I know this can sound odd to you as dentists use X-rays routinely. Yes, but a dentist isn’t a universe! The universe is blood and decay and rebirth – the tooth itself, not the X-ray that detects it. Don’t confuse the two. One is a convincing lie (electromagnetism); the other is physical truth (tooth).
So, am I saying all photography and films are lies? No, I’m talking about accurate imaging only, like Katie Bouman’s black hole which is a very accurate and completely delusional misapprehension of fact. Films are products of the imaginative psyche, a dream landscape. Photography, well, could be getting a bit clinical I guess.
The imagination is needed to perceive something as real in the universe, or we are just robots. This goes back to Madame Blavatsky and the emanance of the psyche, the planets. Only the physical universe is real; everything else is a convincing illusion. Sorcerers’ acolytes (including dentists!) use these illusions because they are very accurate. That doesn’t make them real, it makes them useful.
If the universe were just accurate we would be robots, so this goes back to Bruce Lee. The other side of reality is flow, the primal rhythm that emanates. Combining the two expresses the fight, the fury (“natural unnatural”). It’s because our universe is convincingly accurate that it’s an illusion, an illusion that has no natural flow.

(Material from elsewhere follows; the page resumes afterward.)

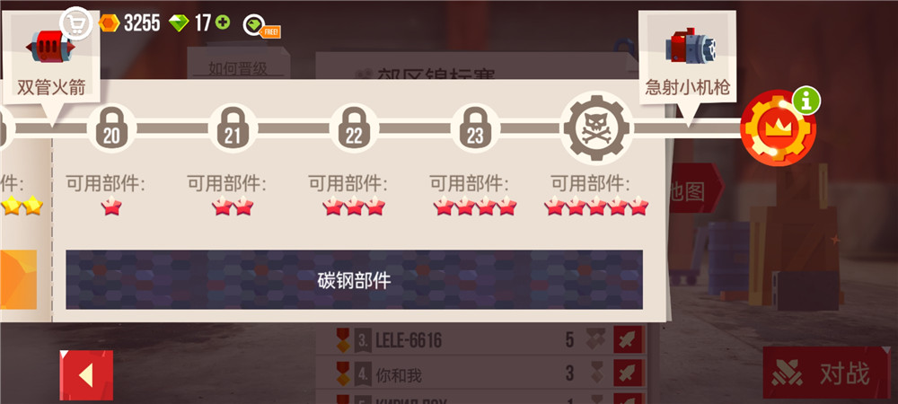 告别固定数值碾压——本作以「真实物理反馈+模块化组装」为核心:每个部件影响转向速度、火力覆盖、装甲抗性甚至特殊技能触发逻辑。完成新手任务即解锁锦标赛模式,通过节点式赛季地图逐步晋升,碳钢部件达成五颗星即可领取高人气武器【急射小机枪】;同时支持公会协作、天梯排位、随机匹配等多种对战路径,每一次改装都是战术升级的起点。

Because something is convincing, Enlightenment thinkers – and above all Hegel – systematized a rational universe (of perspective, or basically light). It took the “dark” philosophers – Schopenhauer and the ones who followed – to throw aside all the systematizers and just come up with the irrational will, being, power.
The question is, where do these come from? A good guess is they come from the physical universe that was abandoned by the Enlightenment, the stars and planets of the sky. Bruce Lee, as you know, hated all systematizers, and it’s true the philosophy of Gung Fu is very figurative (animal shapes, postures). Jeet Kune Do harks back to Tao and the chaotic expression of the Chinese dragon.

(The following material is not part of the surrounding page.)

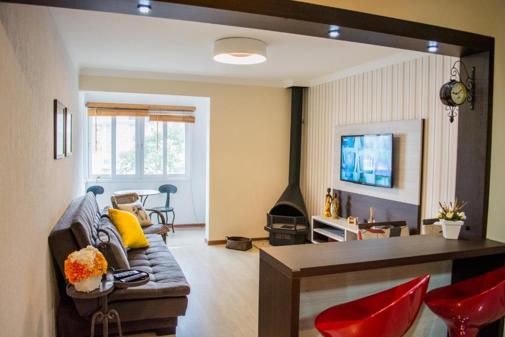 Doté d'un barbecue, l'Apartamento Baviera 01 est situé à Canela, à 3 km de Mundo a Vapor, à 3,6 km du parc Alpen Park Canela et à 6 km de Castelinho. Cet hébergement climatisé se trouve à 200 mètres de l'église de pierre. Vous bénéficierez gratuitement d'un parking privé sur place et d'une connexion Wi-Fi.
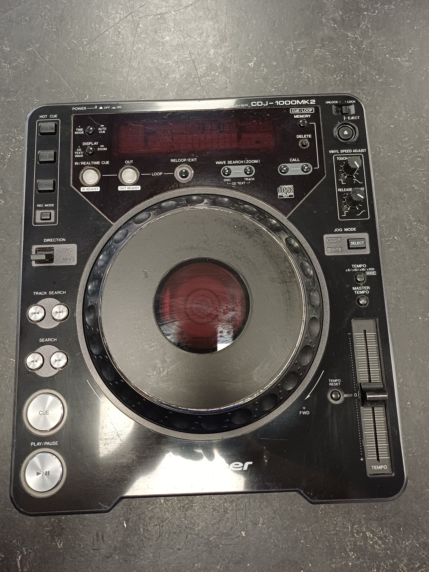 Pioneer CDJ-1000MK2 🎧 🌟 Club-Standard CD Deck The legend that defined digital DJing - precise control, rugged build. 💻 Key Features: - Playback: Audio CD, CD-R/RW with MP3 support - Control: Jog wheel with adjustable feel, vinyl mode, pitch bend - Extras: Hot Cue, Loop, Master Tempo, BPM counter, slot-in drive - Build: Pro-grade, rack-mountable, iconic club layout

This expression is the power (ontology) of the physical universe which the Enlightenment abandoned. The logic-chopping Enlightenment philosophers cannot be said to live in a physical universe, and it’s not till Schopenhauer that western thought starts to match much more closely with the ancient Eastern truths of power and simplicity, grace and flow.
A lot of this is encapsulated in Jeet Kune Do, which to Lee was an attempt to do without all systems. In a way it’s quite modern since the body is fuelled and kept flexible by stress training. The aim of a fight is to flow and not be restricted by set moves.
It’s very clear from various interviews, though, that these moves are ingrained by training. The set moves are the robotic side to the training; the flow is the natural side. The two come together in the fight (action).
A fight is expression and, to Lee, that is reality. That idea is close to post-Schopenhauer philosophy, as well as close to ancient Chinese. The fight explodes all formulations and systems via the action.
Expression is the inarticulate universe that has poetic grace. So, this is really back to Howard and the explosive poetry of action. Poetry is the ability to give words to inarticulate things, to gloom and gaiety in a world of grimness and charm.
It’s not far from fairy tale, something that Clair Noto added to the Hyborian mythos (see “Red Lace”). In her version, the Hyborian story is expressed through body of Man, animal and plant, blood and desire.